Some unemployed youths have said they are unmoved by threats of sanctions on unvaccinated people saying they have no access to formal spaces even before the imposition of sanctions.
In recent weeks, government officials and some companies have been threatening sanctions on the unvaccinated.
In February, during the commissioning of the Gwayi-Shangani dam pipeline, President Emmerson Mnangagwa said no one will be forced to be vaccinated adding “but there will come a time, if you are not vaccinated you will not be able to get a job.” He added:
If you are not vaccinated you will not be able to board a Zupco bus. Eventually, you will have to decide for yourself.

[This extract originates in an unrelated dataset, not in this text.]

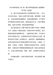 《XXX着作选读》第二卷《着力培养选拔党和人民需要的好干部》读后感在《着力培养选拔党和人民需要的好干部》一文中XXXXXX指出:“组织上培养干部不容易,要管理好、监督好,让他们始终有如履薄冰、如临深渊的警觉。对干部经常开展同志式的谈心谈话,既指出缺点不足,又给予鞭策鼓励,这是个好传统,要注意保持和发扬。”谈心谈话是深入了解干部和关心爱护干部的一种重要方式,是党的一项优良传统,特别对年轻干部来说,是引领其快速成长的重要法宝。一场好的谈心谈话,可以谈出年轻干部成长不足,体现组织对年轻干部的关心关爱,能督促年轻干部进一步增强活力、改进作风,确保健康成长但是当前有些党员干部甚至领导干部不会谈、不想谈、...

In July, the government-sanctioned unvaccinated civil servants from work, denying them special COVID-19 allowances while denying them access to subsidised Zupco transport to state employees.
The government has been moving towards mandatory COVID-19 vaccination as panic sets in over soaring COVID-19 cases and fatalities.
However, unemployed 29-year-old Arthur Chimombe of Bulawayo is unmoved. Chimombe said:
In any case, the sanctions on the unvaccinated civil servants do not affect me. I am unemployed, and have not received any support from the government; financial or otherwise.
Chimombe says his decision to vaccinate or not is not going to be influenced by what seemingly looks like mandatory COVID-19 vaccination, but by his desire to save himself from infection.
Bulawayo City Council (BCC) health services director, Edwin Sibanda, says the council has no ready aggregated statistics on the number of youth, employed and unemployed who have been vaccinated.
Sibanda, however, indicated that “the uptake is not as good as we expected.”
Meanwhile, the Zimbabwe Congress of Trade Unions (ZCTU)has sued companies, including government parastatals, that ordered workers to take the Covid-19 vaccines – or risk losing their jobs.